Jennifer Chevinsky, B.S.
A recent study found a strong association between the number of test strips covered by insurance and better medical care in type 1 diabetics. Test strips are impregnated with chemicals that react with glucose when sensed within a drop of blood. Strips are disposable and cost from 40 cents to $1 each, although this cost is often defrayed to some extent by insurance.
Type 1 diabetes, previously called ‘juvenile onset,’ is a chronic illness that affects over three million Americans. It was previously referred to as ‘juvenile diabetes’ because it was believed that this condition only developed in childhood, a theory that has been disproven. Individuals of all ages can and do develop type 1 diabetes.
In type 1 diabetes, individuals do not make enough insulin, a substance that helps mobilize glucose, or sugars, from the blood stream into the cells. The underlying concept behind treating patients with type 1 diabetes is to provide enough insulin to allow the proper amount of glucose to enter the cells – without making the blood glucose drop too low or raise too high. If a patient’s sugar is too high, then he may experience diabetic ketoacidosis and if it is too low, he can fall into a hypoglycemic coma. Glucose level is dependent on multiple factors including a patient’s weight, body type, metabolism, diet, exercise, etc. To maintain a safe or healthy glucose level, type 1 diabetics must test their blood sugar multiple times a day.
At the University of South Florida’s Morsani College of Medicine, I was recently exposed to an innovative approach to learning about the experience of an individual with type 1 diabetes. Nicole Johnson, a former Miss America, advocate for type 1 diabetes awareness and founder of ‘Bringing Science Home,’ brought in a panel of patients to speak with us about their experiences with diabetes. The speakers ranged from affected children and teenagers to caregivers and relatives. After the session, we were asked to participate in the diabetes challenge, an experience built to simulate a day in the life of an individual with type 1 diabetes.
Because of the nature of the condition, individuals with type 1 diabetes are encouraged to check their blood sugar multiple times each day – when they wake up in the morning, before each meal, before going to sleep, and when they feel their sugars might be rising or dropping. Likewise, we were loaned a glucometer and were encouraged to test our blood sugar throughout the following day.
I soon learned that this process is not as simple as the instructions would suggest. The procedure of testing blood sugar typically involves pricking one’s finger and squeezing out the blood on to a disposable test strip (not an exciting process for the trypanophobics or hemophobics among us). There was confusion about how to assemble the glucometer, where to put the test strip, and when to load it with blood.

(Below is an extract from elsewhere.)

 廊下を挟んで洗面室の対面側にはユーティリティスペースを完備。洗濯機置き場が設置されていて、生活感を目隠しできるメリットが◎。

Additionally, I received multiple error messages on the glucometer – when I did not fill the strip with enough blood, if I fumbled with the glucometer and didn’t proceed quickly enough, or sometimes even when I thought I did everything correctly. I then had to use another one of the test strips, of which I only had about 10 for the day. I noticed myself deciding whether it was ‘worth it’ to waste another test strip on the occasion that I received another error message. Throughout the day, my fingers began to feel sore, not only from the needle pricks, but from squeezing my fingertips to milk out the blood.

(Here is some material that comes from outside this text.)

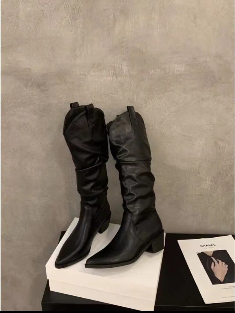 2024 가을과 겨울 새로운 두꺼운 뒤꿈치 뾰족한 V-입 얇은 긴 트렌디 쿨 편안한 포인팅 마틴 여성용 부츠스토어 가기

Continuing with my normal routine, I recognized the bulkiness of the glucometer pouch, as I brought it with me to my daily activities. I couldn’t help but feel as if people were watching me when I pulled out the glucometer to check my blood. I suppose if it is not something one has seen before, the process and machine might look quite strange. I even thought about just checking my sugar in the car, so as to not make any kind of public statement or scene.
Every medical practitioner is likely to interact with an individual who has type 1 diabetes, thus it is important to recognize the barriers these individuals might face that could prevent them from following prescribed treatments. Although this mode of learning might not be new, with medical students or physicians taking on the role of patients with particular illnesses, it has been my first experience with this type of learning. I think it is a great way to fully immerse in a particular culture and recognize first-hand some of the legitimate concerns and struggles of the population.
Going forward with my clinical education, I hope this experience will help me become a better practitioner, knowing the right questions and concerns to ask my future patients with type 1 diabetes. Although this simulated experience was not designed to address the new study on the correlation between insurance coverage for test strips and patient compliance, it raised important ethical issues about how I can best help my patients care for their health. Patients may only be able to afford a certain number of strips, meaning that a strip that does not work is a choice of whether to spend a precious resource of health care dollars or to forgo testing at that time.
Decisions such as how many strips are covered by insurance carry real world implications for patients and their health. As a future physician, it will be my job to advocate for my patients and to do so in a system where economic and political forces are not necessarily arrayed with the patient’s best interest in mind. I can share the latest scientific evidence with my patients, but without support from our society, there is not much that either of us can do to ensure best health outcomes.